What the response needs is every record, repeated verbatim, and no images.

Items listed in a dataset
※ ※ ※
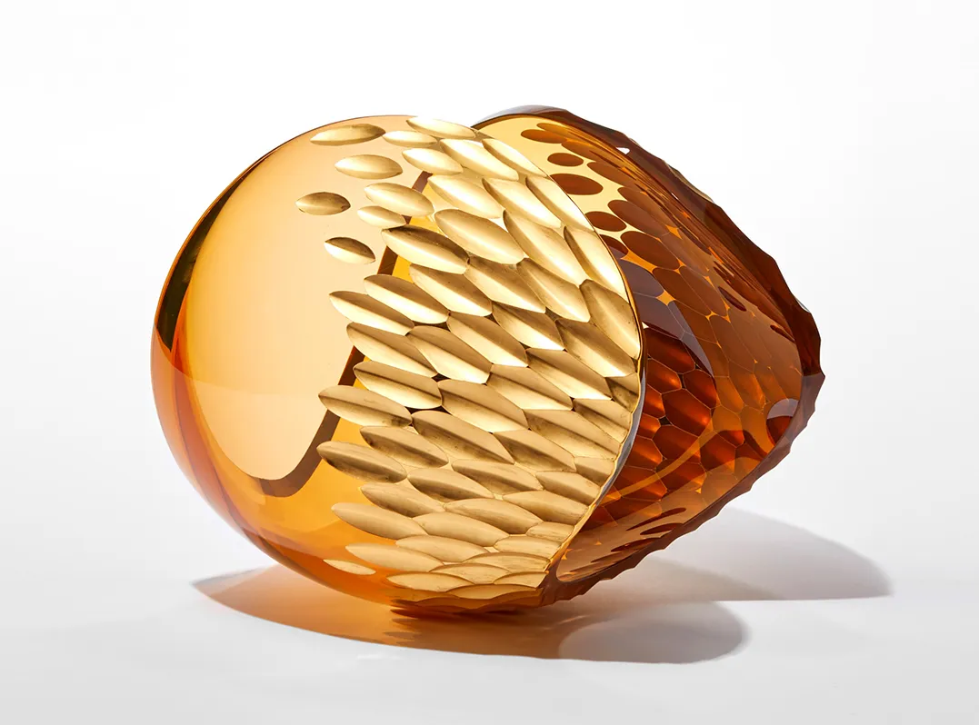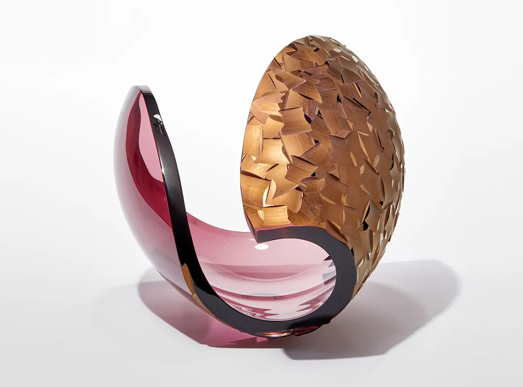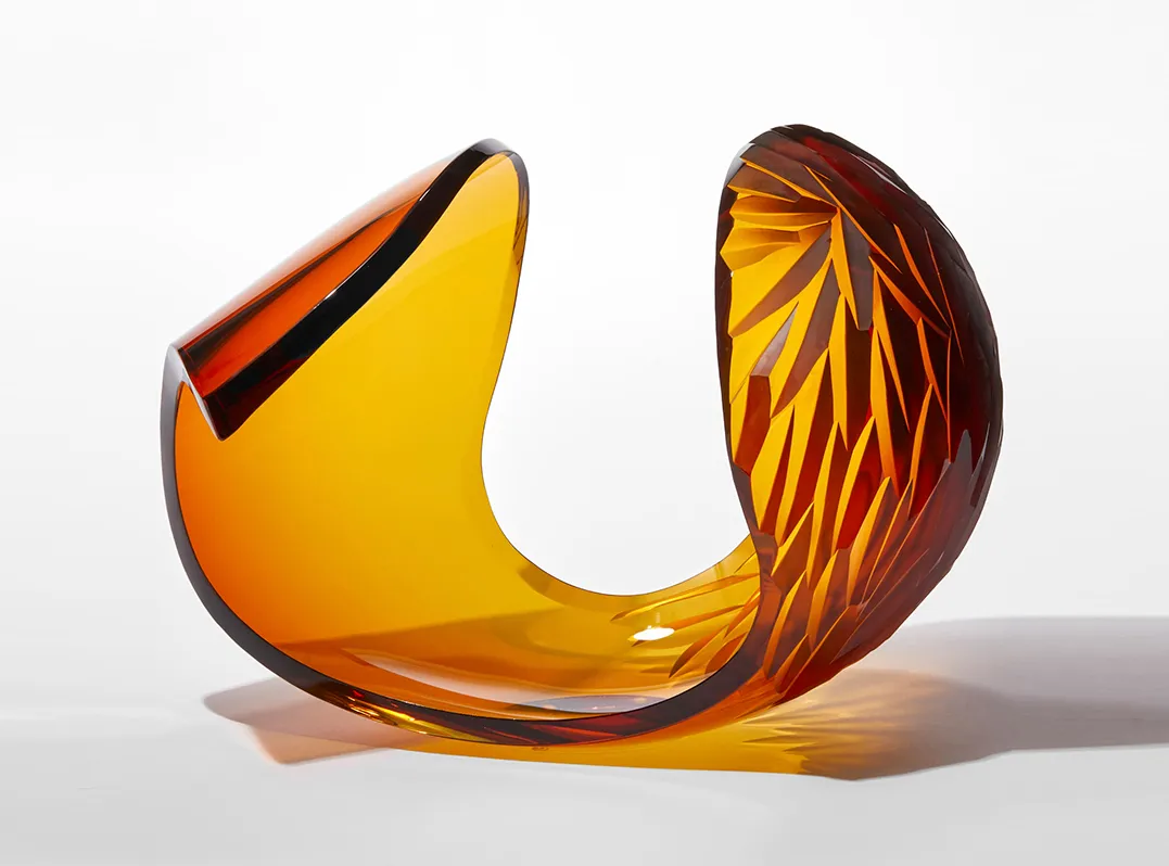 These are extremely technically challenging to make. An initial blown, ovoid shape is created in layered coloured glass, with the unwanted glass labourously cut away to create the shell-like form. The edge is then ground and polished to create a captivating line, that draws the eye.
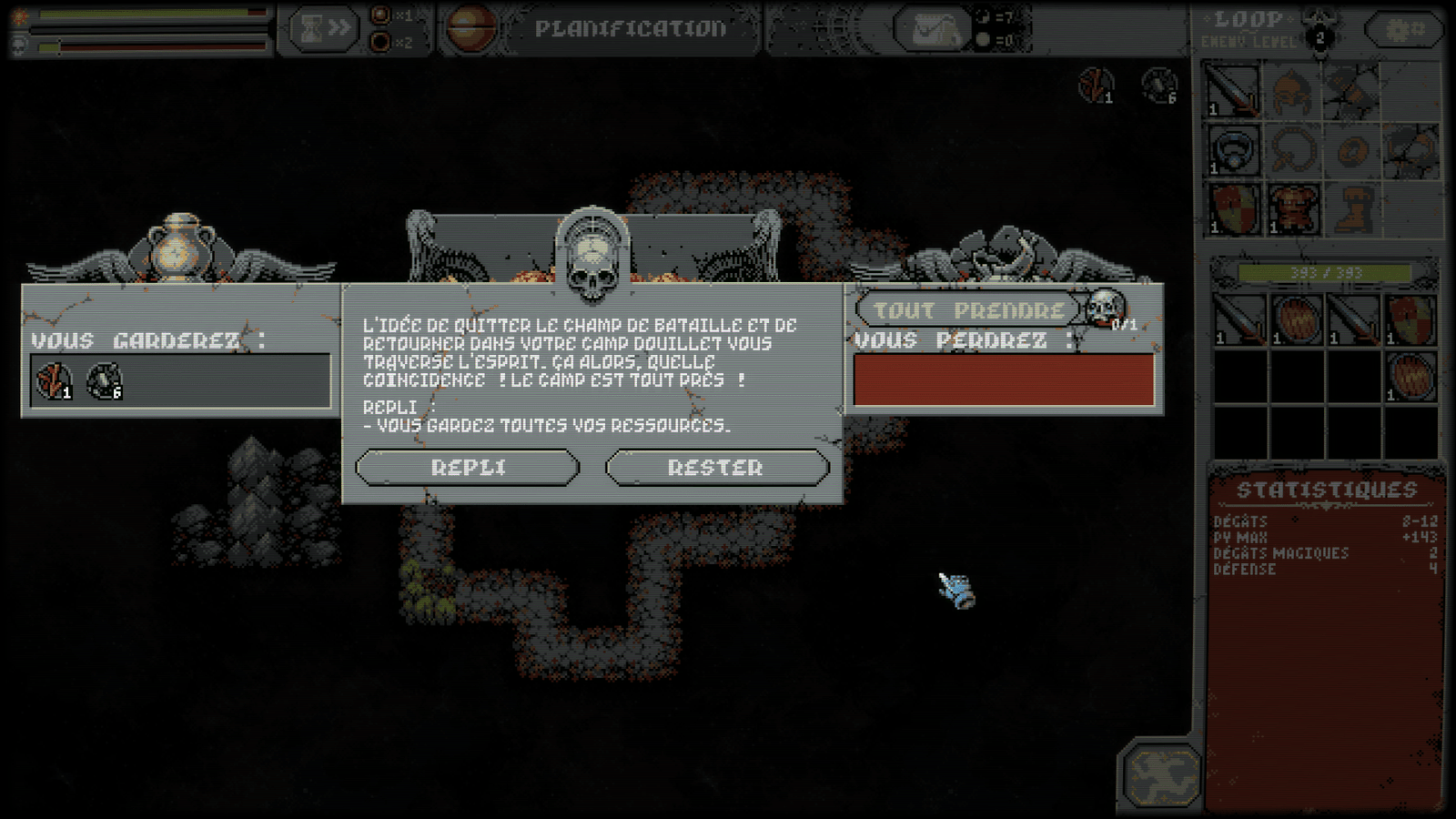 La perte d’équipement et de matières premières laisse un goût amer et caractéristique lorsque l’on cherche à pousser la boucle trop loin, mettant la mécanique du « Stop ou encore » au cœur de l’expérience. Loop Hero oblige à la vigilance, et récompense la prudence en permettant au joueur se repliant de son plein gré d’une série de boucles trop ardues de conserver tout ce qu’il a amassé dans son périple. En revenant au camp, le joueur chargé de bricoles et de bouts de bois va pouvoir construire différents bâtiments qui faciliteront ses prochaines aventures en permettant d’emporter de l’équipement supplémentaire, de remplir des potions, d’augmenter ses statistiques ou bien en ajoutant de nouvelles cartes – forêt, village, tour de guet – à choisir au moment de constituer le paquet de départ. Trois classes de héros peuvent également être obtenues et apportent suffisamment de variété dans la préparation des parties, le déroulement des combats ou l’obtention de matériel.
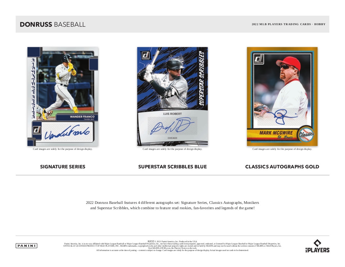 2022 Donruss Baseball bietet 4 verschiedene Autogramme: Signature Series, Classics Autographs, Monikers und Superstar Scribbles, die kombiniert werden, um Stud Rookies, Fanfavoriten und Legenden des Spiels zu präsentieren!
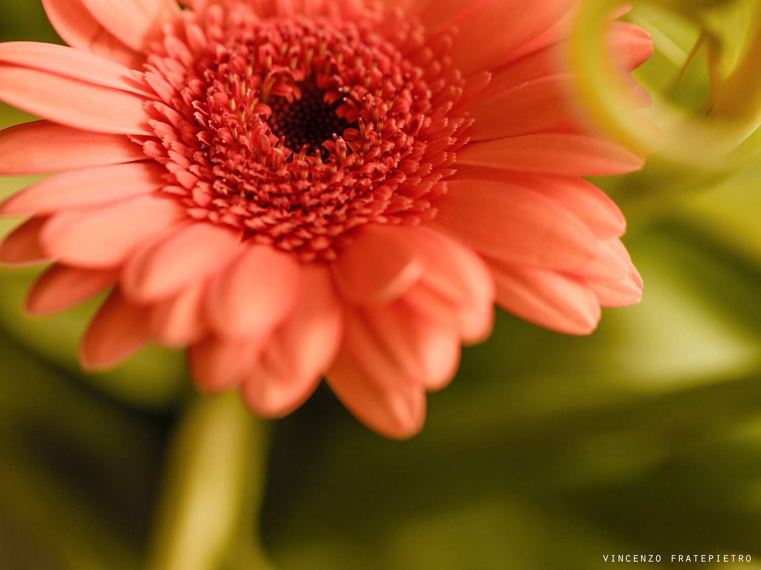 Ciao Vincenzo, se posso permettermi... la composizione sembra casuale, il fiore resta impallato dietro ad una porzione di vegetazione verde sull'angolo dx alto, inoltre la posizione del fiore, tagliato sopra e a sx, con tutto quello spazio sotto..., personalmente la vedo un poco confusionale...
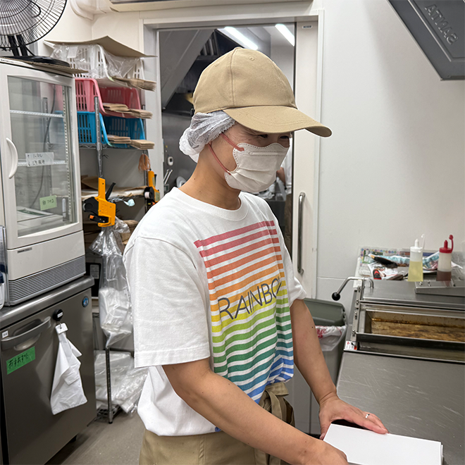 今日は一緒におむすびの製造をさせていただきました。作業が終わる都度、報告すると渡邉さんは「ありがとうございます」と言ってくれます。まだまだ物足りない人工の私にも、常にその言葉を伝えてくれ、私自身も真似しよう!と思える素敵な行動です。「元気配り」です。
※ ※ ※
▸ ANSWER SPACE:
 These are extremely technically challenging to make. An initial blown, ovoid shape is created in layered coloured glass, with the unwanted glass labourously cut away to create the shell-like form. The edge is then ground and polished to create a captivating line, that draws the eye.
 La perte d’équipement et de matières premières laisse un goût amer et caractéristique lorsque l’on cherche à pousser la boucle trop loin, mettant la mécanique du « Stop ou encore » au cœur de l’expérience. Loop Hero oblige à la vigilance, et récompense la prudence en permettant au joueur se repliant de son plein gré d’une série de boucles trop ardues de conserver tout ce qu’il a amassé dans son périple. En revenant au camp, le joueur chargé de bricoles et de bouts de bois va pouvoir construire différents bâtiments qui faciliteront ses prochaines aventures en permettant d’emporter de l’équipement supplémentaire, de remplir des potions, d’augmenter ses statistiques ou bien en ajoutant de nouvelles cartes – forêt, village, tour de guet – à choisir au moment de constituer le paquet de départ. Trois classes de héros peuvent également être obtenues et apportent suffisamment de variété dans la préparation des parties, le déroulement des combats ou l’obtention de matériel.
 2022 Donruss Baseball bietet 4 verschiedene Autogramme: Signature Series, Classics Autographs, Monikers und Superstar Scribbles, die kombiniert werden, um Stud Rookies, Fanfavoriten und Legenden des Spiels zu präsentieren!
 Ciao Vincenzo, se posso permettermi... la composizione sembra casuale, il fiore resta impallato dietro ad una porzione di vegetazione verde sull'angolo dx alto, inoltre la posizione del fiore, tagliato sopra e a sx, con tutto quello spazio sotto..., personalmente la vedo un poco confusionale...
 今日は一緒におむすびの製造をさせていただきました。作業が終わる都度、報告すると渡邉さんは「ありがとうございます」と言ってくれます。まだまだ物足りない人工の私にも、常にその言葉を伝えてくれ、私自身も真似しよう!と思える素敵な行動です。「元気配り」です。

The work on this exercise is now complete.